У барона в это самое время гостит сосед-рыцарь, который недавно целым и невредимым вернулся из Палестины. Крепостные крестьяне в этот день играют одновременно две свадьбы, так что освященное вековыми традициями феодальное право первой ночи, наугощавшиеся шампанским и бургундским барон и его загорелый гость, используют на всю катушку, и с вариациями.
В общем, пока господа гуляют, Фемида не у дел, и старосте, который прождал весь вечер под дверями вместе с родственниками со стороны невест, в отличие от последних, с завистью прислушиваясь к тому, что происходит в глубине господских покоев, приходится заночевать у здешней родни. Утром ворота замка раскрываются, женихи и родители получают обратно изрядно помятых новобрачных, чья невинность была удостоверена самым что ни на есть официальным путем, а староста наконец-то прибывает на доклад к сеньору.

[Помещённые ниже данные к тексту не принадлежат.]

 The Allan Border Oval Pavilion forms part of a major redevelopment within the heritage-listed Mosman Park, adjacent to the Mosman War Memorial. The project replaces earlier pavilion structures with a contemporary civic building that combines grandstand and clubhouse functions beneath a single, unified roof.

Сеньор, хоть и с доброго похмелья, с ходу врубается, в чем дело, видит, что тут пахнет колесованием, и, желая продемонстрировать гостю еще один старинный красивый обычай – баронский суд в действии, отправляет на задержание убийцы пешего сержанта с двумя копейщиками.
Оперативная группа добирается в деревню только к обеду. Подойдя к дому свиновода, они обнаруживают там вопиющую картину. Волосы дыбом встают на их головах, приподнимая тяжелые шлемы, при одной лишь мысли о том, что об этом кому-то из них придется рассказывать барону.

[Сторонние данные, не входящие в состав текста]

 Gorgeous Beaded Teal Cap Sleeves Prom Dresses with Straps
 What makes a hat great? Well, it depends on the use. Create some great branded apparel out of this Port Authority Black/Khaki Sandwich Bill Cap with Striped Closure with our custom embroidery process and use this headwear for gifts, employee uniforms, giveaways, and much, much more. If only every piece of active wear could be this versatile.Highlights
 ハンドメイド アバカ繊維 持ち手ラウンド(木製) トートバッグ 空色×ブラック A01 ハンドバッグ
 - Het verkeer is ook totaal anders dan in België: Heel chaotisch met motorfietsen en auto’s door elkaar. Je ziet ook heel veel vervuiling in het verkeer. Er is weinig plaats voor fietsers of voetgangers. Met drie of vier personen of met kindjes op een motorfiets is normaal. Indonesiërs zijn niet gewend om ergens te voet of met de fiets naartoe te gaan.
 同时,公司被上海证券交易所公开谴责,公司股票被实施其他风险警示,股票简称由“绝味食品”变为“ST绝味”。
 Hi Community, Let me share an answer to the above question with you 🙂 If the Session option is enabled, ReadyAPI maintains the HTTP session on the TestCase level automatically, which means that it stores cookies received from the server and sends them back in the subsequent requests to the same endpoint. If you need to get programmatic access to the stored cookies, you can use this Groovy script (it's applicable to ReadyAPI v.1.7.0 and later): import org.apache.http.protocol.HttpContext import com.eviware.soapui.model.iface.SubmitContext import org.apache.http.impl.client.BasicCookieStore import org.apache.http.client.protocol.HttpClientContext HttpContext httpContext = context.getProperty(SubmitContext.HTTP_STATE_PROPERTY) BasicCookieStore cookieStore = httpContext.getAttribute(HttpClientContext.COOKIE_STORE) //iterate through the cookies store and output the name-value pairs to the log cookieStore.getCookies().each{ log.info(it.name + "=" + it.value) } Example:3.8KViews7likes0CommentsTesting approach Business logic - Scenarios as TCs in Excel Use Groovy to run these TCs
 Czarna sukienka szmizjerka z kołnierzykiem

У ворот дома стоит монах, который отвечает за сбор податей для соседнего монастыря и, размахивая огромной кружкой, отгоняет от калитки старшинских сыновей, разъяренную сестру покойного кузнеца, и ее мужа, в глазах которых явственно просматривается желание: «Дайте нам его хоть за горло подержать». В это же самое время монастырский келарь, стоя посреди двора, раздает команды и оплеухи двум послушникам, которые радостно выгоняют из свинарника на улицу добрую половину всего наличного поголовья.

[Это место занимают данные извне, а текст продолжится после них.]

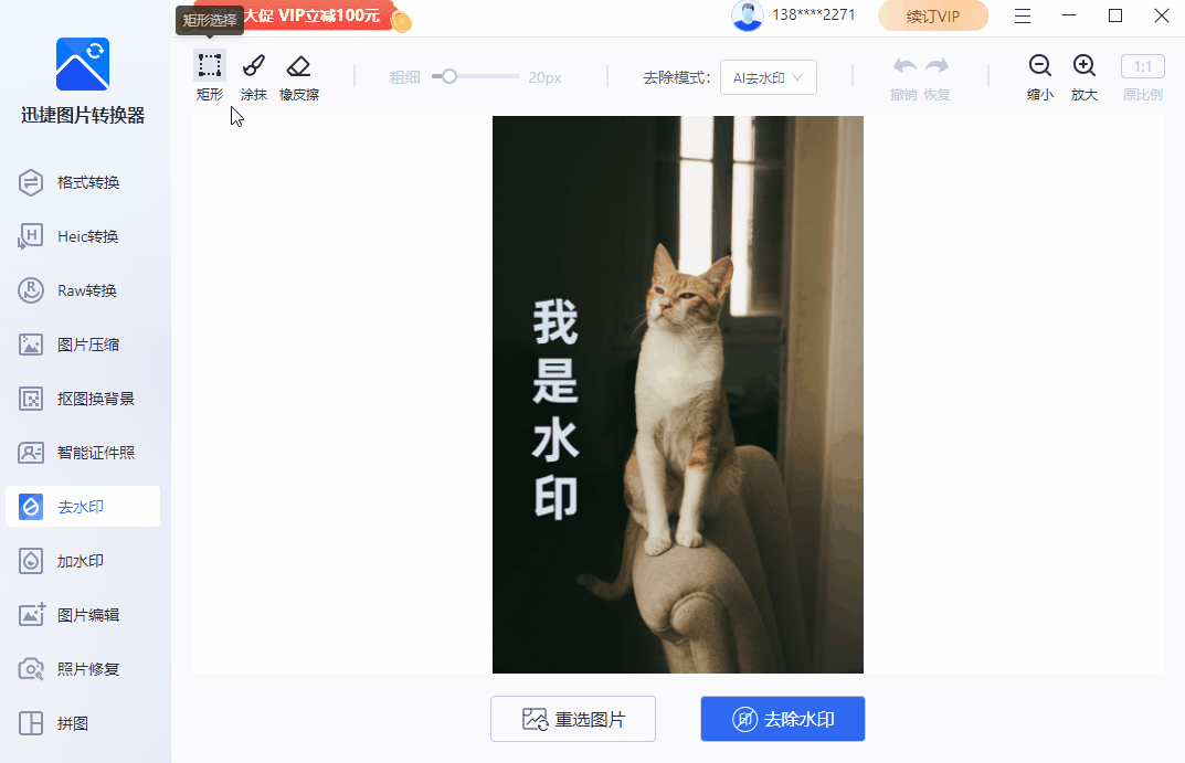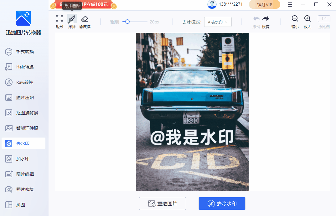 步骤二、选择水印区域,自由擦除
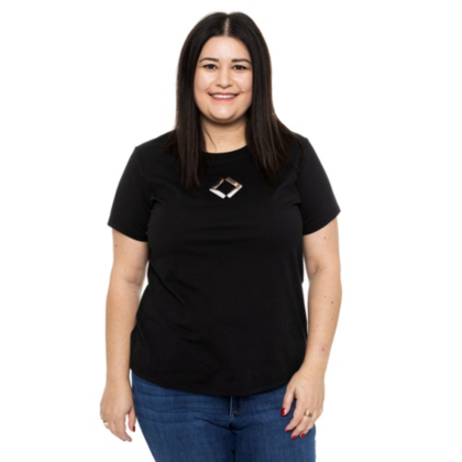 Shine on in this diamond tee. With a feminine silouette, this short sleeve tee is just the right fit. Plus, black goes with everything, so you really can't go wrong.

Зайдя в дом, пораженный староста застает внутри еще двух монахов, на сей раз каноников, которые завершают отпевание покойных. Убиенный кузнец и при жизни был далеко не Орландо Блум, да и к свинарке вряд ли можно применить термин «прекрасная», так что их вид ни у кого из присутствующих ни малейшего сострадания не вызывает. Так вот, эти, с позволения сказать, Ромео и Джульетта, уже худо-бедно обряжены, и готовы к погребению. Монахи что-то бубнят напоследок, оглаживая спрятанные под рясами окорока, а виновник торжества, протрезвевший, и какой-то просветленный, занимается непривычным делом. Сопя от натуги, постоянно укалываясь, и поминая при этом шепотом имя Матери Божьей очень даже всуе, он пришивает крест на крест к своей рубахе две красных матерчатых полосы.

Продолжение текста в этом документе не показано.